The mother had four other children, one of them now an adult. While subject to a Supervision Order they had been taken out of the jurisdiction and the mother returned with three, who were placed in the care of the CFA.

In relation to this case, evidence had been heard from a medical social worker and a social worker.

The only basis for an Emergency Care Order is that a risk to the child was both immediate and serious. The evidence that was uncontroverted was that of historical concern relating to the neglect of the other children, which would render the mother likely to neglect this child; domestic violence between her and her current partner, including during pregnancy; she had placed herself on the confidential listing in the hospital in order to avoid contact with her partner, but she had also indicated her intention to continue the relationship.
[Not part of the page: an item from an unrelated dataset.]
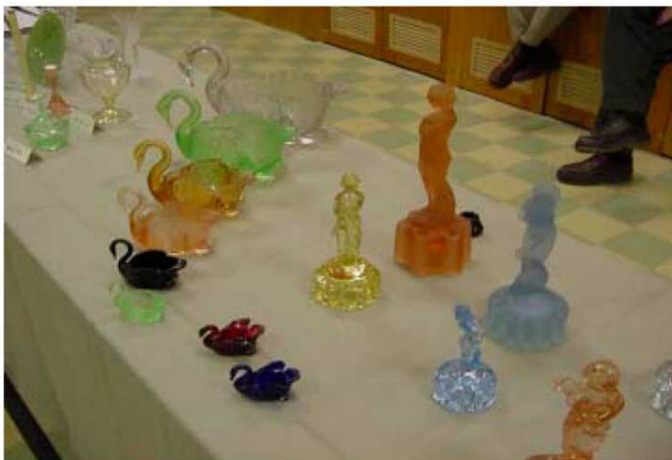
Cambridge Swans and Flower Frogs on display at the March meeting of the Vandalia-Butler Historical Society.

There was evidence of her failure to attend certain appointments and her attendance at two different hospitals during her pregnancy, but the judge did not consider these to constitute an “immediate and serious” risk. She indicated prior to the birth her intention to place the child in voluntary care, but later changed her mind, which was also not indicative of an “immediate and serious” risk.

Evidence was heard of her lack of preparation for the birth of the child, but she was homeless. There was also evidence of her general lack of organisation. The issue of her mental health was also raised. She was displaying stress and anxiety.

Three issues were relevant to the Emergency Care Order: the historical concerns; the domestic violence and the risk that would pose to the child and the absence of practical preparation for the care of the child.

The historical concerns indicated a serious, but not immediate, risk.

The judge said he was satisfied of the evidence of domestic violence, and there was no evidence of steps being taken that ameliorate that. In these circumstances, and where the mother was homeless until very recently and with the lack of any evidence as to how she was preparing practically for the care of the child, there was reasonable cause to believe there was an immediate and serious risk to the welfare of the child. He was therefore granting the Emergency Care Order.

The mother’s solicitor asked that the child’s paternal aunt receive an emergency assessment as a foster carer.

The judge said this was provided for under Article 6 of Statutory Instrument 261 of 1995, dealing with foster care and placement with relatives. “The CFA will commit to doing it as quickly as possible,” the CFA solicitor said.

“You have an obligation under Section 3 of the [Child Care] Act to uphold the principle of the benefit to the child of being brought up in his or her family. I think that can be read to include the extended family,” the judge said.

There was a brief adjournment during which the parties discussed access, particularly in the light of the mother’s breast-feeding, and they returned to court to say that access had been agreed.